3) Oh yeah, the system too is a real pain: It’s not only the other players that you have to fight against, it’s also the system. Just how much money do you need at the start of the turn is such an important decision because later on, it will mean how much money you may owe to the bank and if you owe too much, you’ll need to sink further. And if you sink too far, you’ll go bankrupt. Don’t think it won’t happen. While it is more difficult than in Age of Steam, I’ve seen veteran players go bankrupt in Steam as well.
Remember the part above where I talk about interesting decisions regarding something as simple as building tracks? Well, that feeds directly into going bankrupt, doesn’t it? Take too many loans and suddenly you have to pay back $10 + Locomotive Level at the end of the turn. Chances are, you won’t have that and you’ll need to figure out a way or you’ll be out of the game.
4) Low luck factor: Apart from pulling the goods cubes out of the bag at the start of the game, there is no luck in this game. Luck, no, but plenty of chaos as you’ll try to figure out what’s the best thing to do at this precise moment and how the other players will mess with your plan. Thought you’d grab that nice green cube for a 5 Track point delivery? Wait? What do you mean the other player grabbed it first for a measly 2 Track Points, giving 1 to someone else? Yup, be prepared for the chaos of others.

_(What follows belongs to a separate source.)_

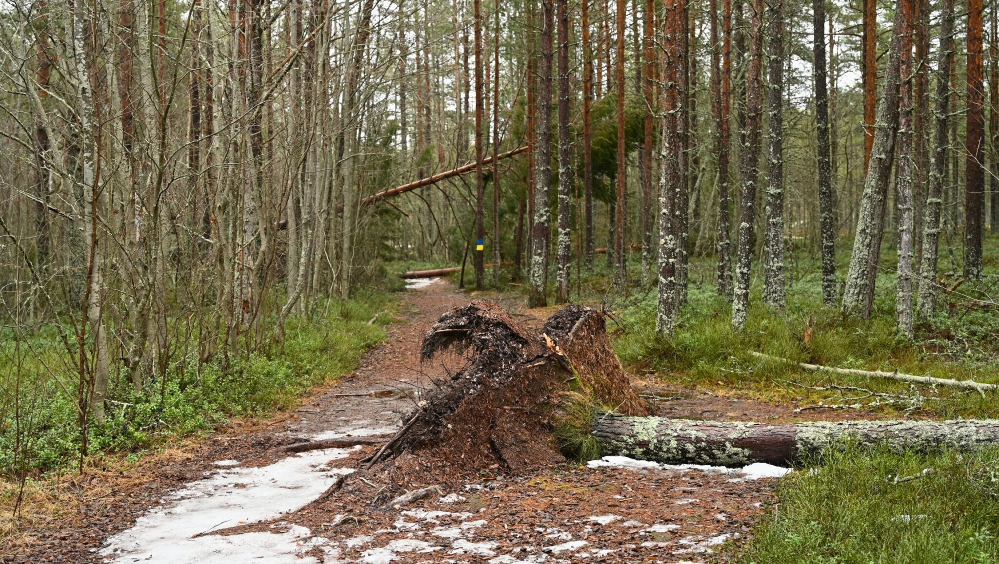 Stormen Hannes fällde flera träd, och även om stammarna redan har avlägsnats har många träd fallit med rötterna upp. Under köldperioden har dessa rotvältor frusit i upprätt läge, men när vädret blir mildare kan de falla tillbaka ner mot marken utan förvarning.
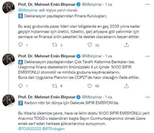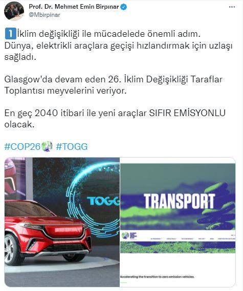Çevre, Şehircilik ve İklim Değişikliği Bakan Yardımcısı Mehmet Emin Birpınar, İklim Zirvesi'nde alınan sıfır emisyonlu araç kararına değinerek Türkiye'nin Otomobili TOGG'u referans gösterdi. Birpınar paylaşımında, "En geç 2040 itibari ile yeni araçlar sıfır emisyonlu olacak." diyerek TOGG'un elektrikli olarak üretileceğine dikkat çekti.

5) The maps: There are currently on the ‘geek some 90-odd map packs for Steam/Age of Steam, with most pack containing at least 2 maps, if not more. That means there’s probably something more along the lines of over 150 maps for this game, coming from companies such as Mayfair Games, Bezier Games, AoS Team, and others. 150! Sure, not all map packs are great, but there’s some really, really good maps in there that change the rules just a bit and make the experience almost a brand new game. I highly recommend checking out the map packs from Bezier Games and Mayfair Games, as they both have a habit of bringing some amazing maps to the table. The wide selection of maps also means that you can play Steam with anywhere from 2 to 6 players, depending on the map.
There is a little bit of a black sheep in the wonderful Steam family however, and that is Steam Baron. This was Wallace’s attempt to bring a stock market into Steam, in a similar way as the 18XX family and, at least according to most Steam fans, was a giant failure. The two ideas didn’t fully gel and the idea failed to grab peoples attention. I’ve only had the chance to play with the expansion once and, while I didn’t want to flip the table or burn it, it didn’t really catch my fancy. I’ll have to try it again someday to see if it was just a case of bad first impression, but the odds of this happening are fairly low.
In my opinion, Steam (and Age of Steam, of course) belong in any gamer’s top 10 list and it is perhaps one of the most important game of the last 15 years. Sure, it can be a beast to master and it can hurt your brain when you play, but there’s nothing quite as satisfying as winning a game or at least coming close. You know you worked for it and didn’t simply lucked into it. What are you waiting for? Get yourself a copy and let’s play!